Google confirmed it acquired North and its Focals smartglasses platform.
Reports had been circulating in recent days that an acquisition was in the works and now Google formally confirmed the move.
“Today we’re announcing that Google has acquired North, a pioneer in human computer interfaces and smart glasses. They’ve built a strong technology foundation, and we’re excited to have North join us in our broader efforts to build helpful devices and services,” Google’s Senior Vice President of Devices & Service Rick Osterloh wrote in a prepared statement. “We’re building towards a future where helpfulness is all around you, where all your devices just work together and technology fades into the background. We call this ambient computing.”
The team coming on board at Google will stay based in Kitchener-Waterloo Canada, where North is located.
North was formerly known as Thalmic Labs and the group previously made the Myo gesture-based input device that looks vaguely similar to work being done at Crtl Labs, a startup that Facebook acquired last year.
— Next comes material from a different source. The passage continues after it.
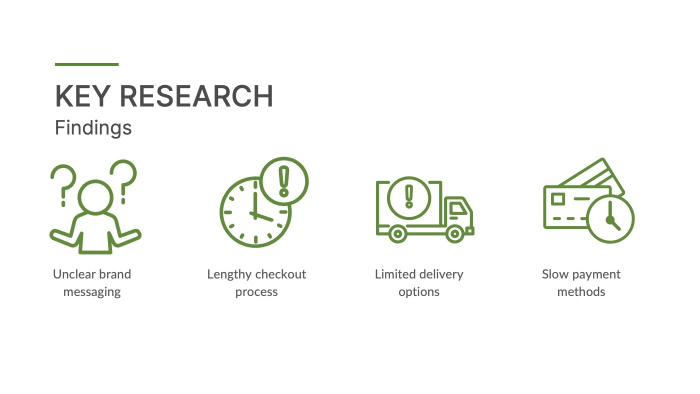 Through market research, competitor analysis, user interviews, and usability testing, we uncovered key barriers: unclear brand messaging, a lengthy checkout process, limited delivery options, and slow payment methods.
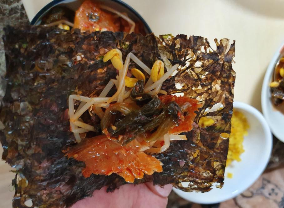 어부심 해풍코다리찜 가게에서 보내준 김에 코다리랑 시래기, 콩나물까지 올려 쌈싸먹으니 김이 매콤한 맛을 잡아주면서 김과도 잘어울려 계속 먹게되더라구요. 코다리찜에 김으로 쌈싸먹는건 생각치도 못했는데 색다르면서 생각보다 잘 어울렸어요.

It looks like there’s a major gap in tracking robustness between what Facebook acquired in 2019 and what Myo had at launch in 2016 but there’s also a multi-year gap in between the technology developments. Instead of the arm-band, Focals smartglasses became the focus of the work at North.
Focals offered simple notification features similar to a smart watch and a basic display system in a slim pair of glasses. In a statement from the founders of North the company confirmed it would not be shipping the 2.0 version of the glasses.
Google, Apple, Facebook and others continue to build toward a augmented reality platforms but difficult problems need to be solved on a number of fronts before we might see a compelling consumer AR platform emerge in the coming years. Acquiring startups can also have cascading effects on the internal structure and hardware plans at major technology companies, and we’ll be curious to see how North impacts Google’s efforts in AR.